Oil companies with a presence in Brazil argued on Wednesday (25) for the elimination of the selective tax of 1% on oil extraction from the document.
The selective tax for the oil sector will increase the prices of gasoline and diesel, says IBP. Oil companies operating in Brazil defended on Wednesday (25) the removal of the selective tax of 1% on oil extraction from the tax reform text. They argue that including the sector could cause inflationary pressure and undermine Brazil’s competitiveness against other countries in the race for investments.

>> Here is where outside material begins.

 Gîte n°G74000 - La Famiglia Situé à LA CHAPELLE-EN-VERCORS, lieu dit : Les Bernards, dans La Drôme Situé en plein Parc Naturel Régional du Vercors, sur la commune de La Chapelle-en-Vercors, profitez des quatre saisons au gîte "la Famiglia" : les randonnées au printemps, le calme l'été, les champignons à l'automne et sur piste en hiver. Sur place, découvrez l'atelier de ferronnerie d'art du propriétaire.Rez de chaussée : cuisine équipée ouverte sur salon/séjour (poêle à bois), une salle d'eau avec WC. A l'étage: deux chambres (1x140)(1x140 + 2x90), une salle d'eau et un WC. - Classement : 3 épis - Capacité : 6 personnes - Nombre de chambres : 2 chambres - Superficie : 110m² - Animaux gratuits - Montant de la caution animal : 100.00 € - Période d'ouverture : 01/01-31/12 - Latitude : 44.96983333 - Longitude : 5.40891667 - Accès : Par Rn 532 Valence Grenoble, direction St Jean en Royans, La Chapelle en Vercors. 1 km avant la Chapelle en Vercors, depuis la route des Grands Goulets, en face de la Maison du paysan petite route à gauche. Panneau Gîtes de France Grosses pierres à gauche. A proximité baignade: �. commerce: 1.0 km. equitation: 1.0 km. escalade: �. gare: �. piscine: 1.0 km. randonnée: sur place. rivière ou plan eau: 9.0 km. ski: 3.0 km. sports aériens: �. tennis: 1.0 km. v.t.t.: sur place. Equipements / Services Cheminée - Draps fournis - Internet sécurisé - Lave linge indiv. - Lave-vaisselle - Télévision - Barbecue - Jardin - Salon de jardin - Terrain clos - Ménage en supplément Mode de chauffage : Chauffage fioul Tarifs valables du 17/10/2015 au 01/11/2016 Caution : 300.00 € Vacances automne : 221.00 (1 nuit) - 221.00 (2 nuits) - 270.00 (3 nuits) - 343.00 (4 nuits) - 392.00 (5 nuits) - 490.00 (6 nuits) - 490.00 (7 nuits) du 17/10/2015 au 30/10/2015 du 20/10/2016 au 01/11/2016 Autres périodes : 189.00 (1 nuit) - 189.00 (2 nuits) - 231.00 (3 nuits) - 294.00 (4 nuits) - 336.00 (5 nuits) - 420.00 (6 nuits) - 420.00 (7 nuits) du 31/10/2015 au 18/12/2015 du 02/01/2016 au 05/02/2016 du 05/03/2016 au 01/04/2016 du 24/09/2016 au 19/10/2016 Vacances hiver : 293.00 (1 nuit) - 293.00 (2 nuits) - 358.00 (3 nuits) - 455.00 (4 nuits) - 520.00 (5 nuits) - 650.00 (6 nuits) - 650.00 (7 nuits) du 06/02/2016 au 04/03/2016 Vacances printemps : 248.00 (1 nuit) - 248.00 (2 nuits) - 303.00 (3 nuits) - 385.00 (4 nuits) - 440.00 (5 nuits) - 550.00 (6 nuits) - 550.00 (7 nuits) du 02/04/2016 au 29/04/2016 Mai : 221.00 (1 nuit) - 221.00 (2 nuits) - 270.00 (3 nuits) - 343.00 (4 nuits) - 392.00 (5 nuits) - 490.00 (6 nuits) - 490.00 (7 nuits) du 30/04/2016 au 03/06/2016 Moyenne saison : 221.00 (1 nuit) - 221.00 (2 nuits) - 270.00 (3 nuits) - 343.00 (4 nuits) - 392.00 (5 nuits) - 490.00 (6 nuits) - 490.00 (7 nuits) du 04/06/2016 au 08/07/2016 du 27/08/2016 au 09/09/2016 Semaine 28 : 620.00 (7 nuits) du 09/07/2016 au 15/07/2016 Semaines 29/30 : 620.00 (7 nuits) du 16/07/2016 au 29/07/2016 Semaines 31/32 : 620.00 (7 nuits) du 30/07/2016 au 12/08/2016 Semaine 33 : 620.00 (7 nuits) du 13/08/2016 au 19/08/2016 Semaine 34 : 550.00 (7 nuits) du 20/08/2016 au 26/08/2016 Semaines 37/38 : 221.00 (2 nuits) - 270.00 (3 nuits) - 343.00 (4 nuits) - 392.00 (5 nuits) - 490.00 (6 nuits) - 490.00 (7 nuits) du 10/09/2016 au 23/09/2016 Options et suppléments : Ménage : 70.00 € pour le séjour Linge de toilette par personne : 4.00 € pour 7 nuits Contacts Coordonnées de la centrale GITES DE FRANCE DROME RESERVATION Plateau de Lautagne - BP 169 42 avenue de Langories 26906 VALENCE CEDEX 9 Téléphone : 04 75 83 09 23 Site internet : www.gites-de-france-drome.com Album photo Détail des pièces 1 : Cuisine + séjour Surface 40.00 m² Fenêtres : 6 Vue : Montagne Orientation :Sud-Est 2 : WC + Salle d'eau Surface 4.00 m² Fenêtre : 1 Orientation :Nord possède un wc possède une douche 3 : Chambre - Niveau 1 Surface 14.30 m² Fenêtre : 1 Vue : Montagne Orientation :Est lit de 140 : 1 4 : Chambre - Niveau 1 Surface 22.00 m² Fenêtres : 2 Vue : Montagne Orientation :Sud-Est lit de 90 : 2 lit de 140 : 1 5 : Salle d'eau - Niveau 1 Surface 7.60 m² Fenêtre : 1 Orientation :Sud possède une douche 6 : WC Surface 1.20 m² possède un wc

The report on the reform, published earlier by the matter’s rapporteur in the Senate, Eduardo Braga (MDB-AM), established a ceiling of 1% for the collection of a Selective Tax on the extraction of non-renewable natural resources, such as iron ore and oil, among other sectors.
Roberto Ardenghy, president of the Brazilian Institute of Oil (IBP), which represents oil companies like Petrobras, Shell, and Exxon Mobil in Brazil, stated that the segment is already highly taxed throughout the production chain. He cited taxes such as special participation and royalties, which are levied on oil production, as well as Cide, which is charged on the commercialization of fuels.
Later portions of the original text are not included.